→ DIRECTIONS
Exactly as written, write out the lines below from the first to the one containing "Mai multe detalii", inclusive. Pictures do not belong in the copy.

(Source data)
....

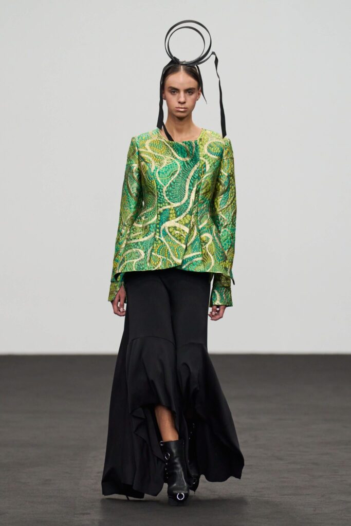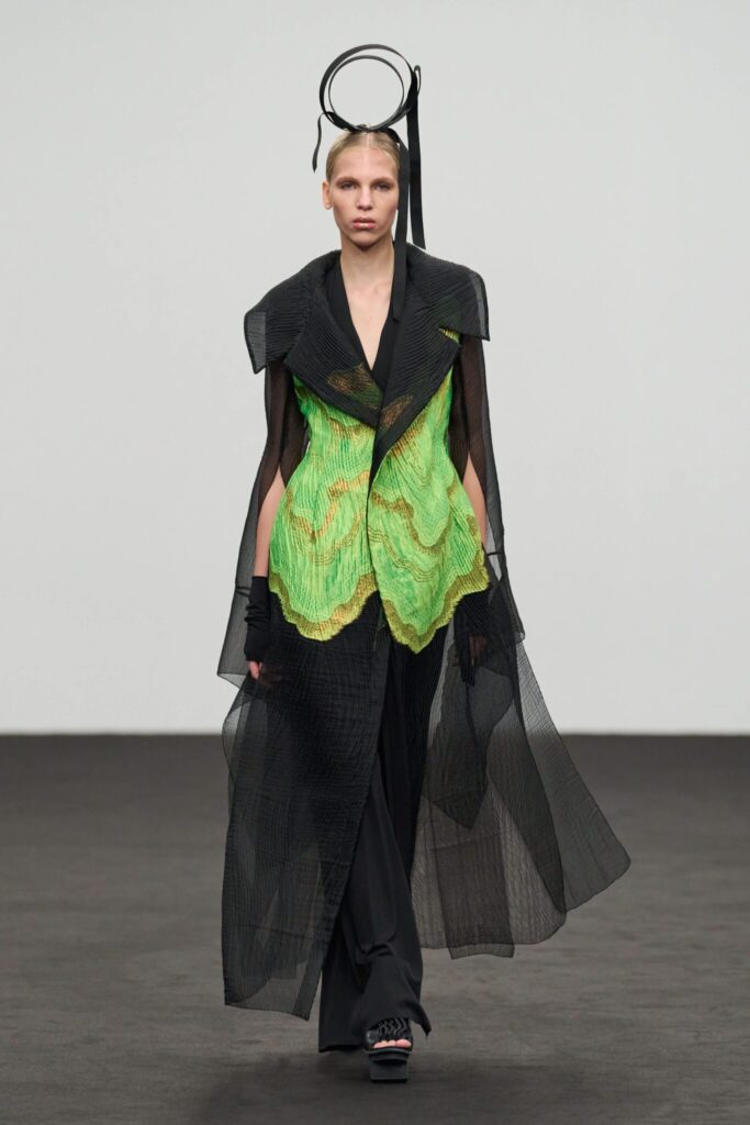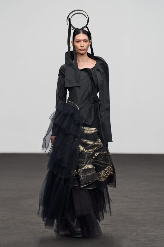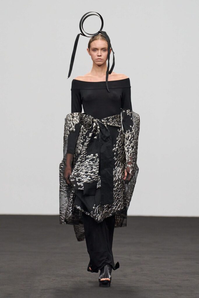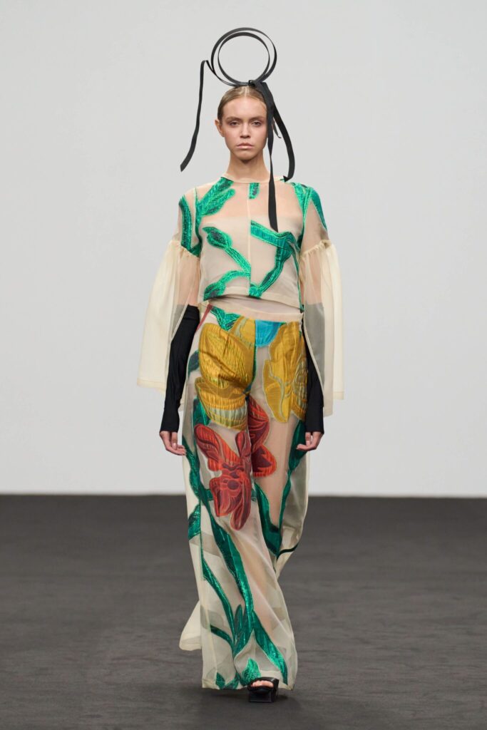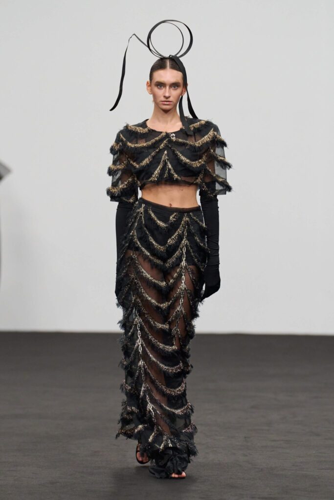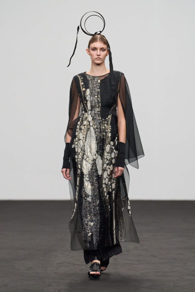 Kolekcija donosi potpuno unikatne materijale i konstrukcije, izrađene isključivo za ovu liniju. Nježni kontrasti luksuznih tkanina i naglašene siluete podsjećaju na skulpturalne forme, dok su detalji izvedeni s iznimnom preciznošću krojačkog umijeća. Publika je mogla vidjeti spoj discipline i spontanosti – couture koji ne pokušava sakriti proces nastanka, već ga slavi kroz vidljive „zlatne linije“ kroja i detalja.
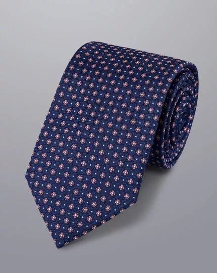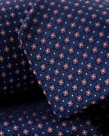 While you’d prefer not to get coffee on your tie, at least our silk can handle spillages. Its high-tech treatment repels liquid, minimising stains (and stress). To make sure this patterned option always looks its best, we’ve stitched in a hidden keeper loop to hold the tail in place. A second loop allows the fabric to fall back into shape after knotting. The result: an impeccable look that lasts all day.
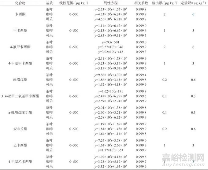 Tab. 4 Linear regression equations,correlation coefficients LOD and LOQ of ten cathinones new psychoactive substances
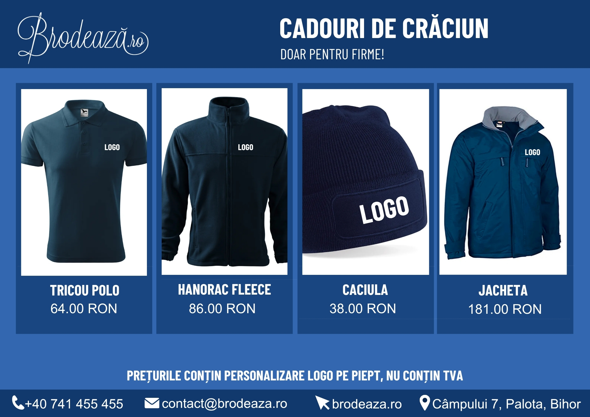 Mai multe detalii și oferte personalizate pentru companii pot fi găsite pe www.brodeaza.ro sau pe site-urile de socializare, Facebook, Instagram sau TikTok.
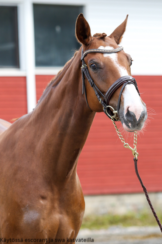 Leonie is a pretty mare with expressive eyes and good gaits. Especially her canter is very active with good distance gain and adaptability to both outdoor and indoor courses. Leonie has precise and careful jumping technique, which combined with her canter and courage makes her a good partner in the ring. She is very cooperative and positive persona, sometimes a bit too eager and needs some holding back in order to keep the tempo when on the course. Outside the ring she is a bit goofy and very social, but gentle, and likes to spend time with both people and other horses.
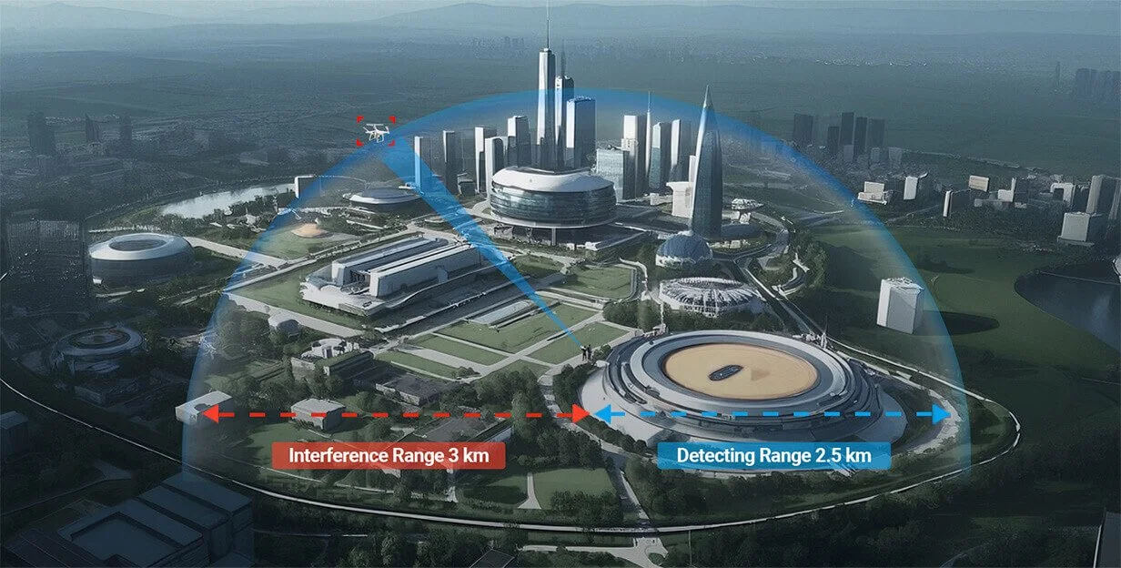 3. Intelligent Jamming Based on the detected drone model, it automatically executes countermeasure strategies and adapts frequency configurations, with a jamming range of up to 3 kilometers.
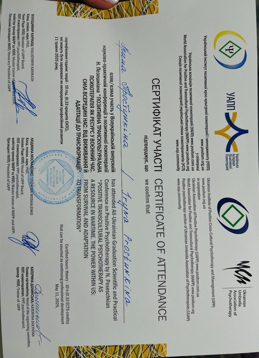 Всеукраїнська випускна науково-практична конференція з позитивної психотерапії 'ПОЗИТИВНО Я ТРАНСКУЛЬТУРАЛЬНА ПСИХОТЕРАПІЯ ЯК РЕСУРС У ВОЄННИЙ ЧАС: СИЛА ВСЕРЕДИНІ НАС: ВІД ВИЖИВАННЯ Й АДАПТАЦІЇ ДО ТРАНСФОРМАЦІЇ'
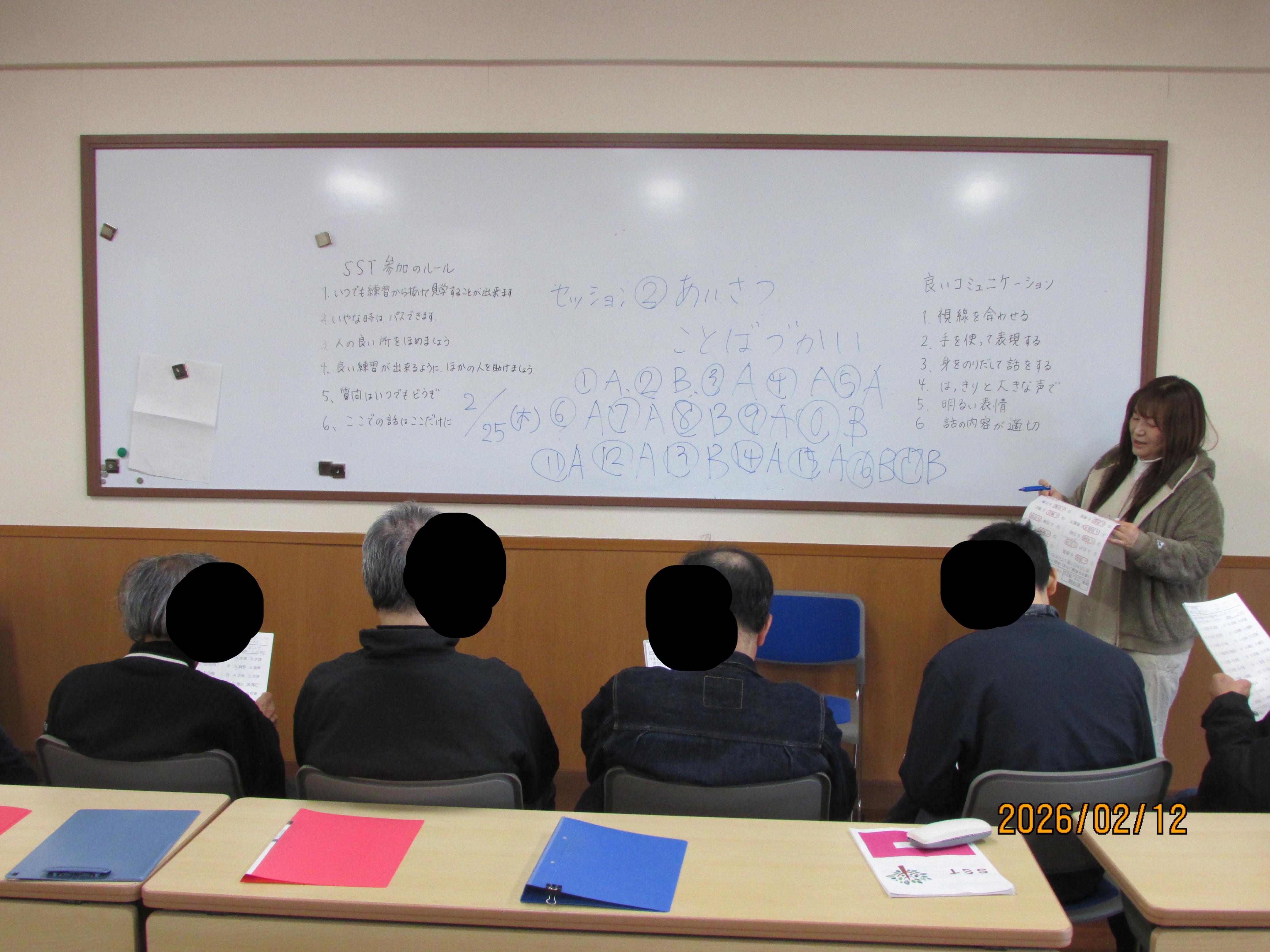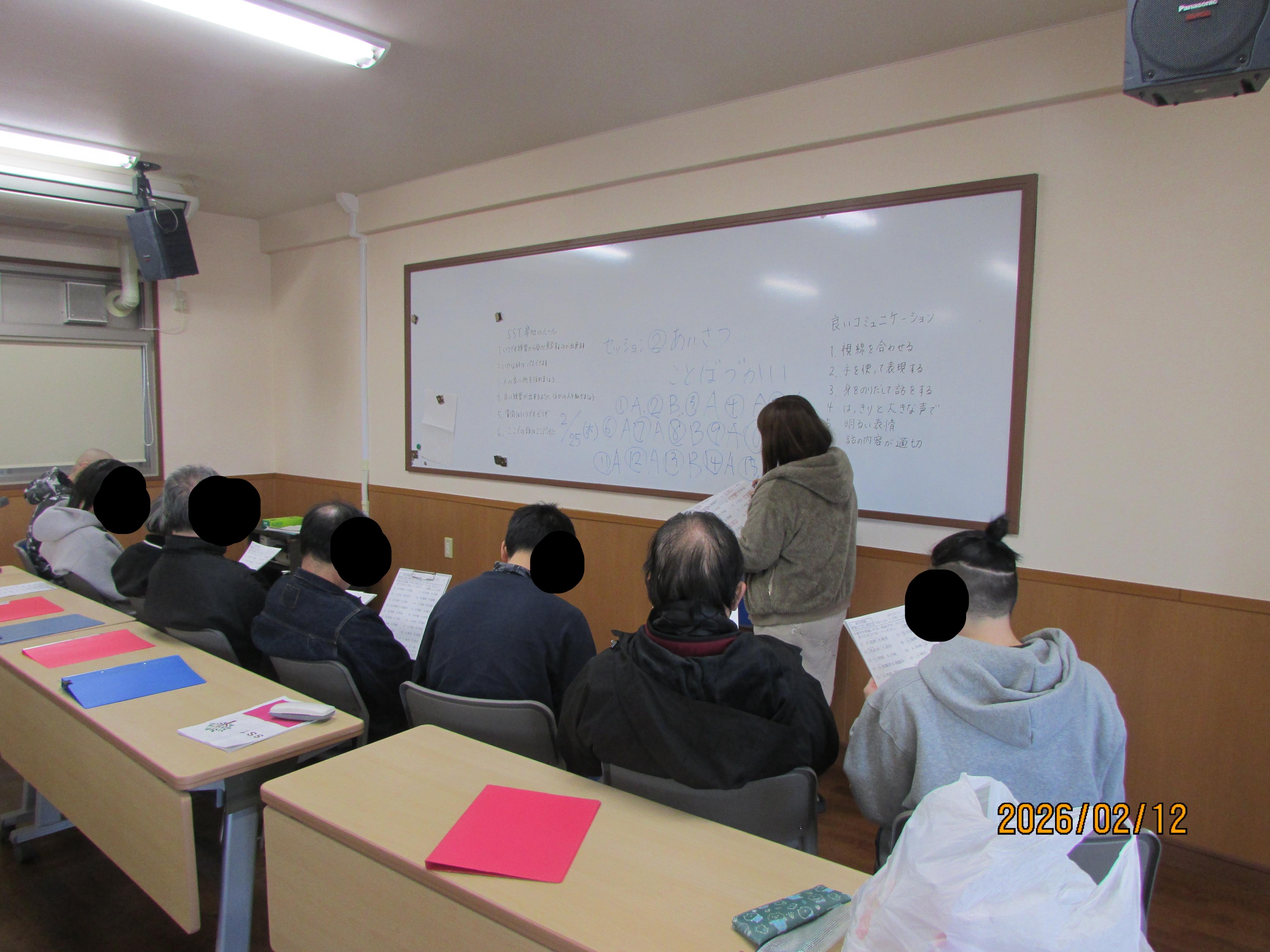皆様こんにちは。 SST(ソーシャルスキルトレーニング)集会を開催しました。 基本的な挨拶の仕方や言葉遣いなど、社会生活に必要な知識や教養を確認したり身に付けさせるもので、月に一度程度開催しております。仕事で出席できなかった人以外の寮生と、退会した元寮生も参加してくれました。初めての参加の人もいるため、今回もテキストを用いてSSTの説明や他者とのコミュニケーション方法などについて実際にロールプレイングを通して学ぶことが出来ました。
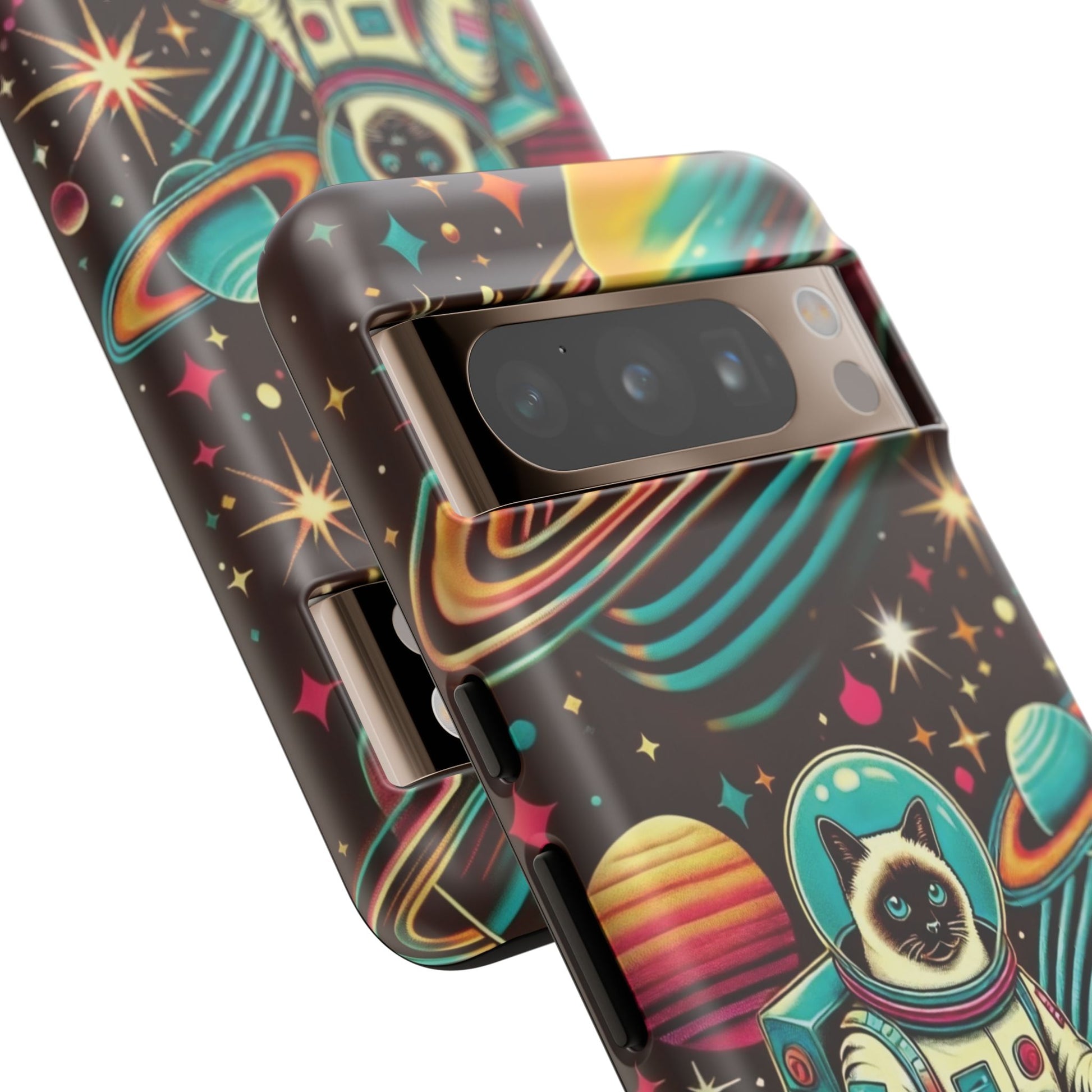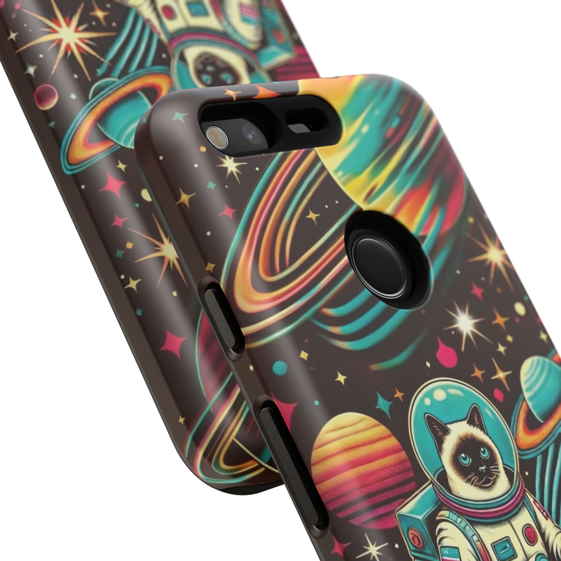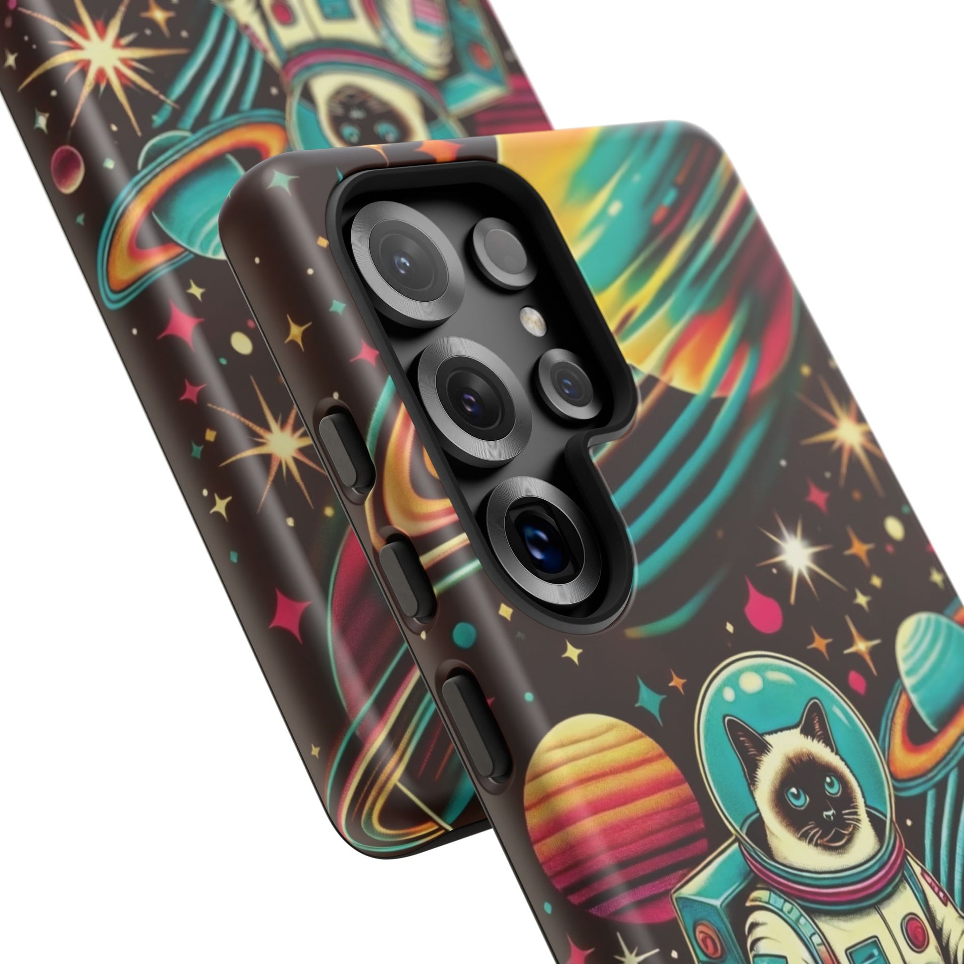 The Keys Astrocat Phone Case is a durable and impact-resistant phone case featuring a fun and quirky design of a cat with keys floating in space. It provides excellent protection against drops and tears while adding a touch of whimsy to your everyday life. Perfect for cat lovers and those who enjoy unique and artsy accessories. Ideal for gifting on birthdays, holidays, or special occasions.

....

→ YOUR RESPONSE
 Kolekcija donosi potpuno unikatne materijale i konstrukcije, izrađene isključivo za ovu liniju. Nježni kontrasti luksuznih tkanina i naglašene siluete podsjećaju na skulpturalne forme, dok su detalji izvedeni s iznimnom preciznošću krojačkog umijeća. Publika je mogla vidjeti spoj discipline i spontanosti – couture koji ne pokušava sakriti proces nastanka, već ga slavi kroz vidljive „zlatne linije“ kroja i detalja.
 While you’d prefer not to get coffee on your tie, at least our silk can handle spillages. Its high-tech treatment repels liquid, minimising stains (and stress). To make sure this patterned option always looks its best, we’ve stitched in a hidden keeper loop to hold the tail in place. A second loop allows the fabric to fall back into shape after knotting. The result: an impeccable look that lasts all day.
 Tab. 4 Linear regression equations,correlation coefficients LOD and LOQ of ten cathinones new psychoactive substances
 Mai multe detalii și oferte personalizate pentru companii pot fi găsite pe www.brodeaza.ro sau pe site-urile de socializare, Facebook, Instagram sau TikTok.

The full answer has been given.